Best practices include never writing IAM credentials in code, setting up Multi-Factor Authentication (MFA) for the root user, and using least privilege principals.

Resource-Based Security

Depends on every resource, according to its communication method and data usage method.

Load & Performance Testing

Load and performance testing is intended to determine the responsiveness, throughput, reliability, and/or scalability of a system under a given workload. It typically involves:

Assessing production readiness
Evaluating against performance criteria
Comparing performance characteristics of multiple systems or system configurations
Finding the source of performance problems
Supporting system tuning
Finding throughput levels

Why Load & Performance Test?

There are two types of Security to focus on – User-Based and Resource-Based.

Speed Does the application respond quickly enough for the number of users?

Stability Is the application stable under expected and unexpected user load?

Scalability Will the application handle load beyond expected user demand?

Confidence Do we believe the application will handle the required amount of load?

Testing Considerations

Five distinct types of Load & Performance Testing

1. AWS Load Testing

Tests the application for its performance on normal and peak usage by checking the response to user requests consistently within accepted tolerance.

Key Considerations

What is the max load the application is able to hold before the application starts behaving unexpectedly?
How much data the database is able to handle before system slowness or the crash is observed?
Any network related issues to be addressed?

2. AWS Stress Testing

Involves testing beyond normal operational capacity, often to a breaking point, in order to observe the results. This kind of test is started with good load test for which the application has already been tested. The load is increased slowly up to the point where the system fails to respond.

Key Considerations

What is the max load a system can sustain before it breaks down?
How the system breaks down?
Is the system able to recover once it’s crashed?

3. AWS Spike Testing

Involves increasing the system load rapidly using bursts of concurrent users to check behavior of the system. The goal is to determine whether performance will suffer, the system will fail, or if it is able to handle dramatic changes in load.

Key Considerations

Is the application able to handle sudden burst of user’s load?
Working of system failback mechanism due to unexpected load?

4. AWS Volume Testing

Involves huge volumes of data exchanged in database and testing its relation to performance of application. This can be performed in short and long duration.

Key Considerations

Are the database queries tuned to be performant?
What is the effect of heavy database on application performance?

5. AWS Endurance Testing

Also known as Soak Testing, is typically done to determine if the system can sustain the continuous expected load. During tests, memory utilization is monitored to detect potential leaks. For example, in software testing, a system may behave exactly as expected when tested for 1 hour but when the same system is tested for 3 hours, problems such as memory leaks cause the system to fail or behave randomly.

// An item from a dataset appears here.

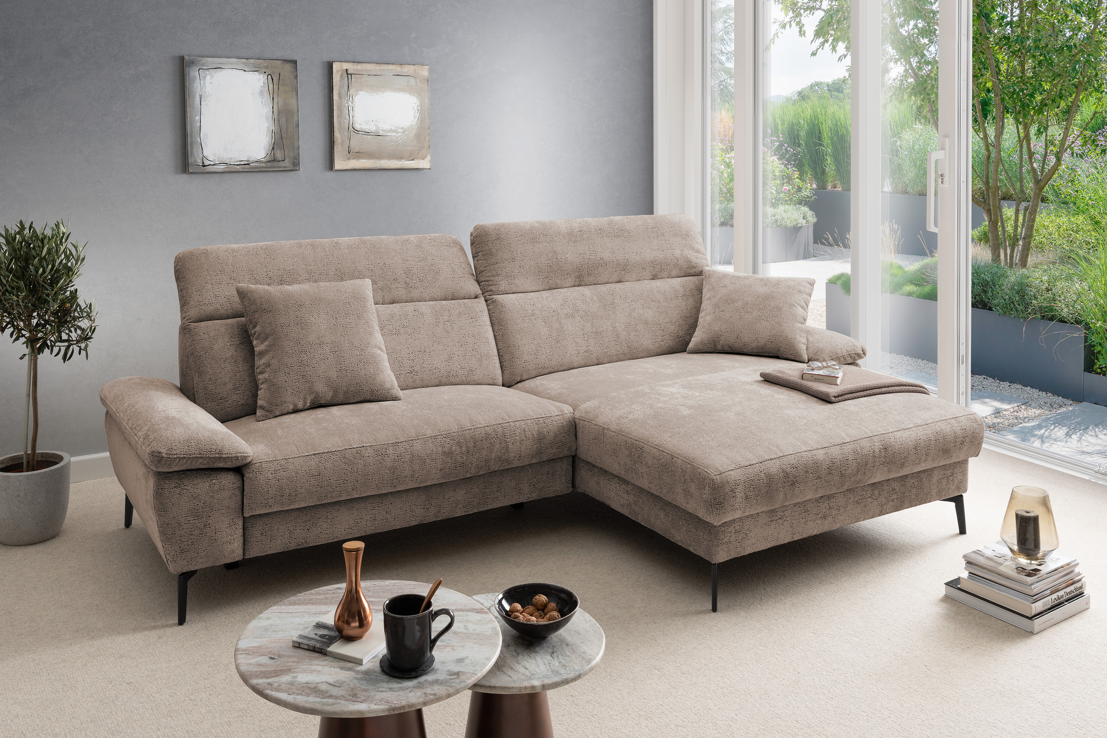 Stellen Sie sich vor, Sie kommen nach einem langen Tag nach Hause, Sie lassen sich fallen und der Stress des Alltags bleibt einfach draußen. Die moderne Eckgarnitur Cancelli von Benformato ist nicht einfach nur ein Möbelstück, sie ist Ihre persönliche Wohlfühloase. Ganz gleich, ob ein geselliger Wein-Abend mit Ihren liebsten Freunden ansteht oder Sie den perfekten Serien-Marathon planen: Auf der großzügigen Zusammenstellung aus einem 2-Sitzer mit anschließender Recamiere findet das Leben statt. Die hochwertige Federkern-Polsterung fängt Sie sanft auf und bietet einen Sitzkomfort, der Sie den Alltag vergessen lässt. Passen Sie die Kopfteile mit einem einfachen Handgriff genau an Ihre Bedürfnisse an und spüren Sie, wie sich die Anspannung löst. Sie möchten den absoluten Luxus? Gönnen Sie sich das Upgrade auf die elektrische Relaxfunktion im 2-Sitzer. Ein Knopfdruck genügt, und Sie gleiten sanft in die wohltuende Herz-Waage-Position. Ihre Beine ruhen auf einer Höhe mit Ihrem Herzen - ein Gefühl von Schwerelosigkeit, das Ihren Kreislauf spürbar entlastet. Eingehüllt in ein kuschelweiches Chenille-Flachgewebe, verleiht die Garnitur Ihrem Wohnzimmer eine unwiderstehlich behagliche Atmosphäre. Und weil Ihr Zuhause so individuell ist wie Sie: Wählen Sie aus einer riesigen Farb- und Stoffkollektion genau das Design, das Ihr Herz höherschlagen lässt. Schaffen Sie sich den Rückzugsort, den Sie verdienen. Holen Sie sich die Cancelli von Benformato nach Hause.

AWS Load and Performance Testing: Parameters

Response Time – the total amount of time it takes to respond to a request for service. That service can be anything from a memory fetch, to a disk IO, to a complex database query, or loading a full web page.

Throughput

Calculated as requests/unit of time. The time is calculated from the start of the first sample to the end of the last sample. This includes any intervals between samples, as it is supposed to represent the load on the server.

The formula is:

Throughput = (number of requests) / (total time).

Latency

The measure of responsiveness that represents the time taken to complete execution of a request. It can also represent sum of several latencies or subtasks.

90% Line (Percentile)

The 90th percentile is the value for which 90% of the data points are smaller. This is a standard statistical measure.

Baseline

A set of tests run to capture performance metric data for the purpose of evaluating the effectiveness of subsequent tuning activities performed to the application.

Benchmarking

A process of comparing system performance against the baseline that is created internally or against an industry standard recognized by another organization.

Transaction Response Time

Represents the time taken for the application to complete a defined transaction or business process.

Hits per Seconds

Hits are requests of any kind made from the virtual client to the application being tested (Client to Server). It is measured by number of Hits and the higher the Hits Per Second, the more requests the application is handling per second.

Throughput

The amount of data transferred across the network is called throughput. It considers the amount of data transferred from the server to client only and is measured in bytes/sec.

Performance Testing

Methodology

1. Requirements Gathering

Collecting key project information including performance testing goals (expected users, response time, etc.), required credentials, application URL, tool preference, etc.

2. Test Planning

Creating complete test plans that incorporate objectives, scope, approach, and focus of the software testing effort. Test planning includes planning load test with the reference of Capacity Planning conducted at the time of Application Development. Capacity Planning helps determine what type of hardware and software configuration is required to meet application needs, and how many resources an application uses. The main goal is to identify the right amount of resources required to meet service demands now and in the future.

3. Script Creation

In this step, actual script is created per the business flows using Performance Testing tools such as JMeter, Load Runner, etc. A sample execution with 1-5 users is typically done to verify created script.

4. Load Test Execution

Users execute created script with provided parameters (such as # of user’s, ramp-up, ramp-down time, etc.). It requires monitoring servers for memory utilization, CPU utilization, Disk I/O, etc.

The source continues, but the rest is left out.